Strengthening Germany's influence and location through space flight:

  • To be able to participate in European and global missions on an equal footing in the future, Germany would currently have to invest at least EUR 200 million more in the national program.
  • This is the minimum necessary to keep up with global competition.
  • With just an additional EUR 2.40 per year per German citizen, Germany could adequately position itself as a complement to the ESA and EU programs in the economic and strategic areas of component suppliers, small satellite systems and microlaunchers.
  • We, the entrepreneurs of the German space industry with our more than 2,500 employees, pledge to devote our full innovative strength to space in order to maintain and expand our global competitiveness and to be able to offer additional jobs in this high-tech sector in Germany in the future.

Negative consequences of the current plans are foreseeable:

  • Cutting budgets now would drastically reduce Germany's ability to engage in strategic partnerships in Europe and around the world in the long term, make efficient climate protection more difficult, and squander the potential for tax revenues.
  • The signal that budget cuts would send to the high-tech sector would be fatal: investors would withdraw or prioritize other countries.
  • At the same time, urgently needed new skilled workers and young talent from abroad will be attracted to other European countries.
  • The export of systems and components will not be concentrated in Germany, but in the countries with the best technologies or the best breeding grounds.
  • In Europe, France and Italy will achieve or expand their leading positions in the strategically important areas of communications, earth observation and launchers.
  • Germany would run the risk of not participating in the global growth of space.

People's enthusiasm for space flight:

Space offers efficient solutions to many global problems. Strengthening the space sector, supported by the highest political authorities and communicated in the right way, would certainly meet with broad approval among the German public, most of which is enthusiastic about technology. It would also be a clear signal that Germany is positioning itself for the challenges of the future. Space travel generates enthusiasm and has a positive impact on other areas. Today, however, it is other space topics that should be given priority. What used to be the moon landing or the ISS is now communications, Earth observation and security. Compared to the dominant German budget and industry funding, even the current budget for space is only a marginal contribution, especially compared to the very large benefits.

That is why we recommend:

  • Immediately say a CLEAR NO to cutting the space budget.
  • Combine the interests of the Chancellor's Office with those of the Ministry of Economics and Climate Change, the Ministry of the Interior and Community, the Foreign Office, the Ministry of Agriculture, the Ministry of Education and Research, and the Ministry of Defense.
  • A clear YES to strengthening the space sector in Germany.

Yours sincerely
Ernst K. Pfeiffer
(Spokesman of the Space SME Working Group)

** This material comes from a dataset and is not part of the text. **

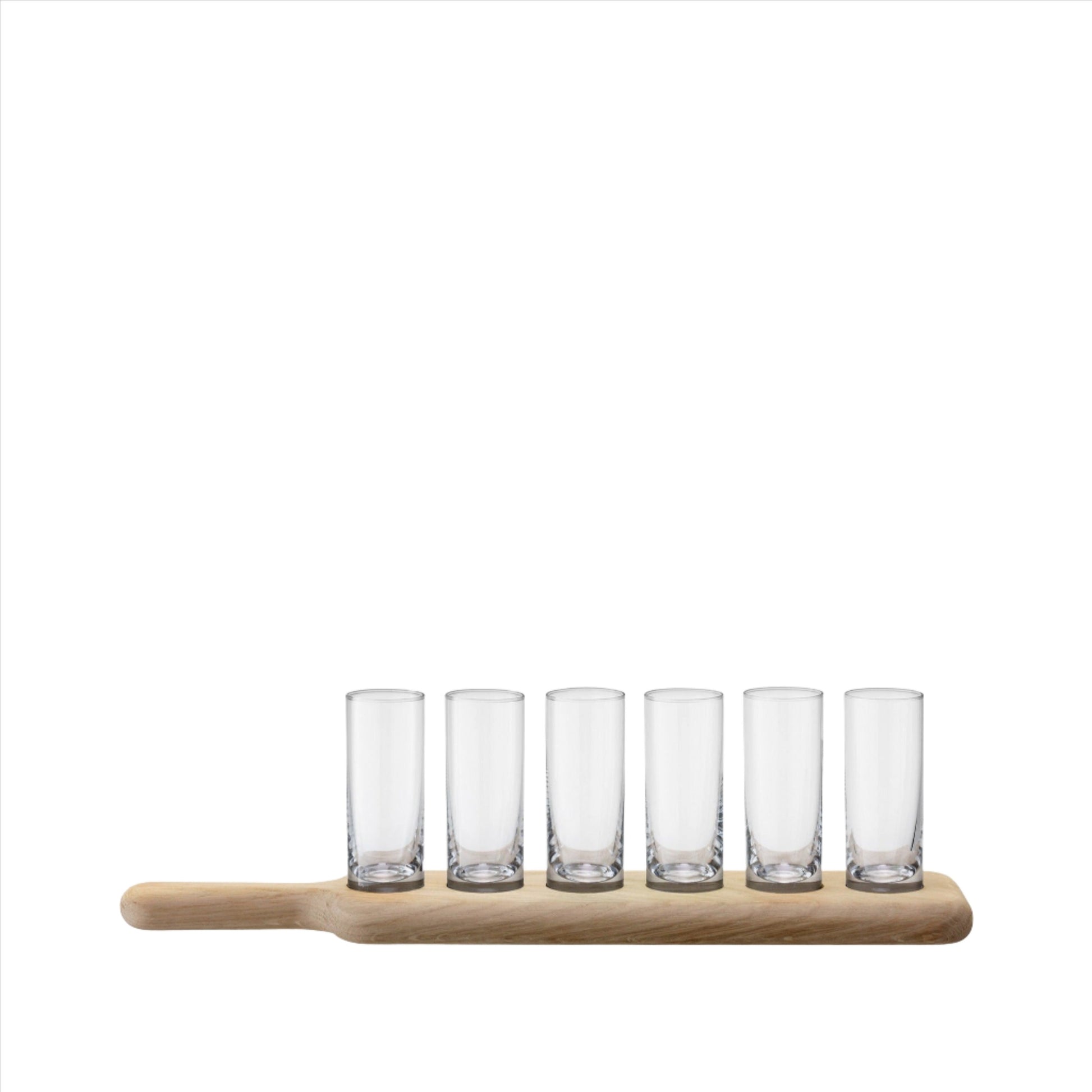A mixed material party set. Six shot glasses nestle securely along the length of the natural oak board. The paddle has slim handles at either end. For serving vodka, tequila and other spirits.

AKRK – Arbeitskreis Raumfahrt-KMU

The AKRK (Arbeitskreis Raumfahrt-KMU) has 45 German member companies (start-ups and established SMEs) with more than 2,500 employees. It represents the interests of German - and partly also all European - SMEs in the space sector and regularly communicates with German ministries, the German Space Agency (DLR), ESA, the European Commission, SME4Space, the European LSIs (Airbus, Thales, OHB), European midcaps, BDI and BDLI. It is the only independent association of space SMEs in Europe.

End of Open Letter

Among others, NewSpace companies such as Astrofein, Berlin Space Technologies, HPS, Isar Aerospace, Mynaric or Reflex Aerospace have signed the Open Letter. However, the German Chancellor has yet to respond. In an article entitled "Impulses for German Space Policy" (German), which was published as recently as November 2022, the German Federal Ministry of Economics and Climate Protection (BMWK) comes to the following conclusion: "Germany must set itself ambitious goals in its new space strategy, for which the right course must be set now." The actual amount of the German space budget will not be decided until the fourth quarter of 2023. How much space is really worth to the German government will become clear then.